BEDA KONTEKS HISTORIS PERJANJIAN LAMA & PERJANJIAN BARU



Secara obyektif dapat dikatakan bahwa Perjanjian Lama  lebih menyajikan landasan teologis untuk pengembangan sikap kritis bagi orang Kristen untuk menyoroti hal-hal yang menyangkut urusan kekuasaan dan pemerintahan, ketimbang Perjanjian Baru. Pendek kata, landasan teologis untuk berpolitik.

Seperti yang dikemukakan oleh seorang sahabat saya, Pendeta Jacky Manuputty dari Gereja Protestan Maluku, Perjanjian Lama jauh lebih banyak berbicara tentang konsep pemerintahan dan kekuasaan, karena status Israel (Utara) dan Israel Selatan (Yehuda) masih sebagai kerajaan-kerajaan yang berdaulat penuh.

Kesaksian nabi Yeremia, Hosea, dan Amos sangat keras terhadap pemerintah di Israel dan Yehuda. Fokus mereka adalah ketimpangan social di tengah-tengah kejayaan kerajaan-kerajaan Israel dan Yehuda. Ibadah Israel pun dikritik habis-habisan, sebab hanya mementingkan ritus.  

Nabi Habakuk sudah mewartakan kehancuran Yehuda oleh serangan kerajaan Babel, sebagai hukuman Tuhan atas Israel yang murtad. Saat itu Yoyakim mulai menjadi raja di Yehuda, dan kondisi kerajaan saat itu seperti digambarkan di awal kitab Yeremia. Babel waktu itu dipimpin oleh Raja Nebukadnezar. Pada tahun ketiga pemerintahan Yoyakim, pasukan Nebukadnezar mengepung kota Yerusalem, Yehuda ditaklukkan, dan banyak orang Yehuda dibuang ke Babel.
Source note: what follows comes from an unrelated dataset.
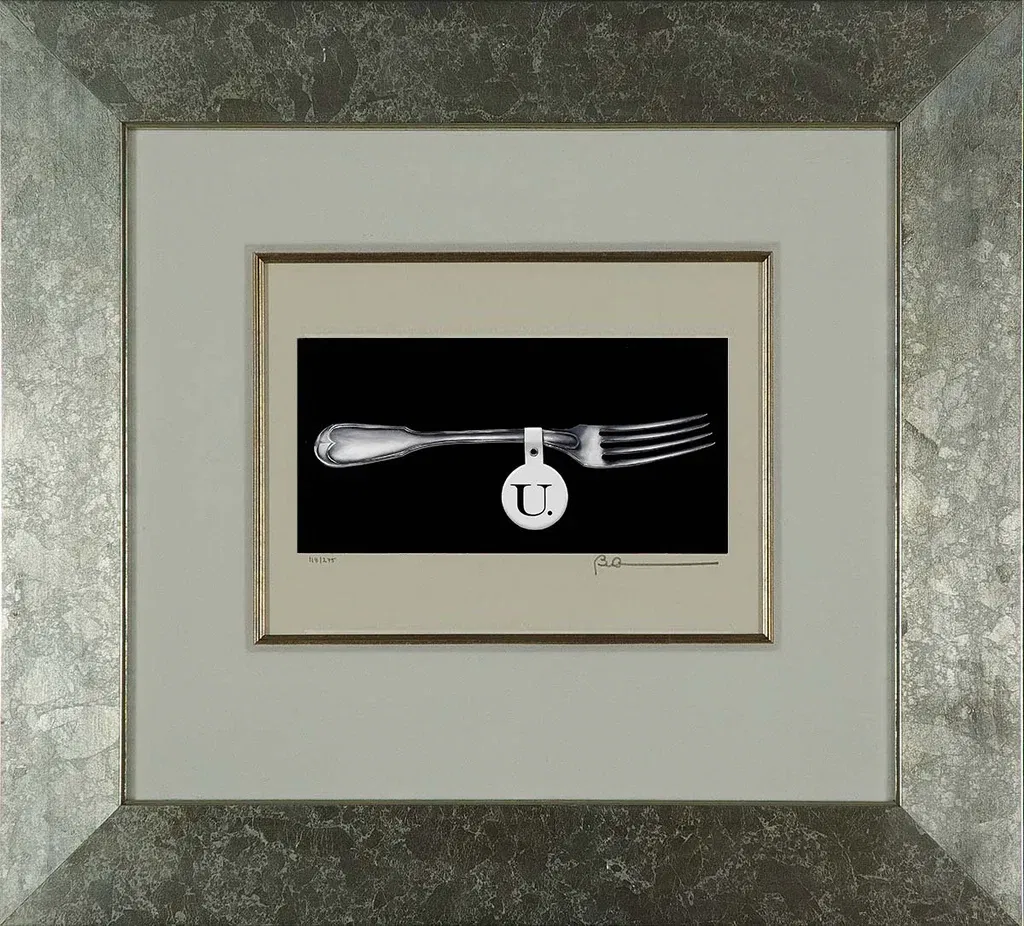 Robert Deyber Fork U Framed hand-crafted stone lithograph

Termasuk seseorang yang kemudian menjadi nabi pengecam raja Nebukadnezar dan anaknya, Darius.

Nabi itu adalah Daniel, yang kesaksiannya juga menggambarkan ketegaran seorang tua untuk menantang kepongahan para raja, walaupun ia harus menghadapi risiko dibuang ke gua singa. Nubuatan Daniel tentang kejatuhan Nebukadnezar memang terwujud, yang kemudian diingat oleh anaknya, Darius.

Berbeda dengan Perjanjian Lama, Perjanjian Baru ditulis setelah Israel menjadi koloni Romawi. Herodes hanyalah raja boneka, sebab kekuasaan sesungguhnya ada di tangan Pilatus sebagai wali negeri, mewakili Kaisar di Roma. Sikap yang sepintas lalu sangat diplomatis dari keempat penulis Injil maupun para rasul di bagian kedua Perjanjian Baru, ada latar belakangnya.

Di masa kehidupan Yesus, menurut Pdt. Jacky Manuputty, ada gerakan aliran keras dari orang-orang Yahudi yang ingin memperjuangkan kemerdekaan dari penjajahan Romawi, dipimpin oleh Simon Zelot dan Judas Makabeus. Faksi ini berkeras mendesak Yesus untuk memimpin pemberontakan melawan Roma, tetapi ditolak. Ini kemudian merupakan salah satu alasan, mengapa orang Yahudi memusuhi Yesus.

Dengan kata lain, para penulis Perjanjian Baru harus mengayuh biduk penginjilan mereka di antara dua batu karang yang berbahaya, yakni rezim kolonial Romawi dengan orang-orang Yahudi antek mereka, seperti Saulus sebelum bertobat dan menjadi Paulus, dan gerakan anti-kolonialis Romawi pimpinan Zelot dan Makabeus.

Kendati demikian, toh ada juga nats dalam PB yang agak radikal. Salah satu nats yang sering dijadikan landasan teologis untuk mendorong keterlibatan politis gereja dan orang-orang Kristen adalah Lukas 4: 18-19. Kutipan dari kitab nabi Yesaya itu dibacakan oleh Yesus, ketika Ia datang ke Nasaret tempat Ia dibesarkan, dan menurut kebiasaanNya pada hari Sabat masuk ke rumah ibadat, lalu berdiri dan membacakan nats dari kitab nabi Yesaya itu, yang berbunyi sebagai berikut:
“Roh Tuhan ada padaKu, oleh sebab Ia telah mengurapi Aku, untuk menyampaikan kabar baik kepada orang-orang miskin; dan Ia telah mengutus Aku untuk memberitakan pembebasan kepada orang-orang tawanan, dan penglihatan bagi orang-orang buta, untuk membebaskan orang-orang yang tertindas, untuk memberitakan tahun rahmat Tuhan telah datang”.